I turned to him with concern – as a teacher and as an author – and asked, “What don’t you understand?”
Then he fired off a series of questions that proved he understood everything perfectly. He had noticed every event that was mysterious. He was halfway toward connecting the dots that would explain those events, and he was wondering all the things I wanted him to wonder.
I had one of those TEACHER REVELATION moments.
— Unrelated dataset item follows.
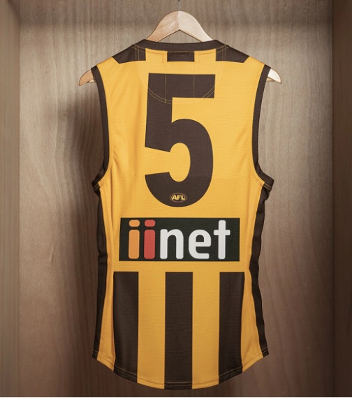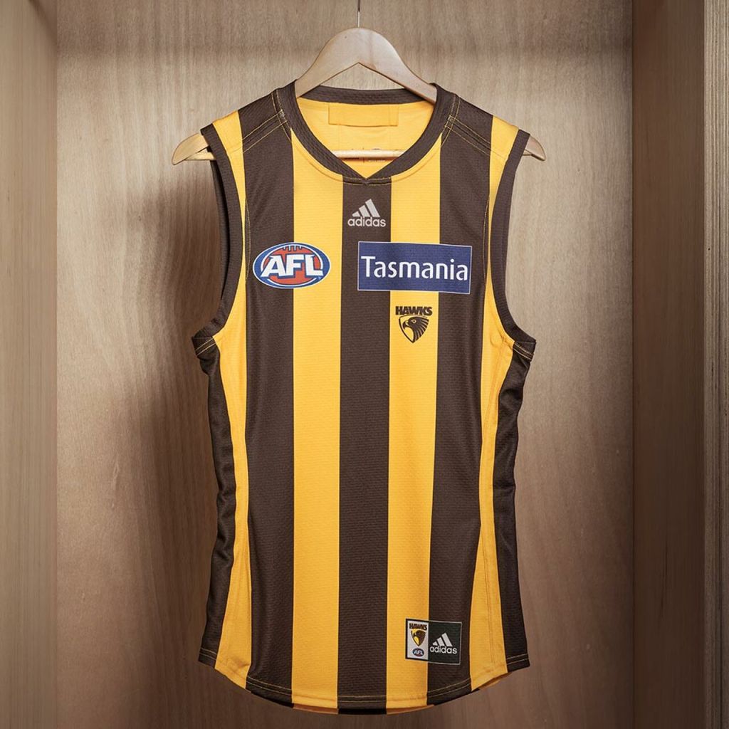 Hawthorn’s new home guernsey, now with the dreaded SIDE STRIPES

You see, some students do not start out as strong readers, and they know it. Their grades have always told them so. They know they’ve always been in the lowest reading group. They know they get extra help. When they start to become stronger readers (and when teachers stop giving them low level materials), they don’t recognize their own improvement. When they encounter a place where they have to draw their own conclusions or wait to get more information, they just assume they don’t understand … which is business as usual for them.  They haven’t learned to differentiate between a comprehension problem and anticipation/suspense set up by the author.
I assured this young man that he was not confused. “You are exactly where the author wants you to be,” I said. “You are noticing all the right things and asking all the right questions. The author is trying to keep you puzzled right now. The answers are coming. You have to wait for them.”
This isn’t the first time I’ve had a conversation like this with a student. But usually the response is a frowny face from a downtrodden reader who thinks the teacher is trying to be nice.
This time, I got a big grin. My words carried more weight than usual because I was the author I was talking about.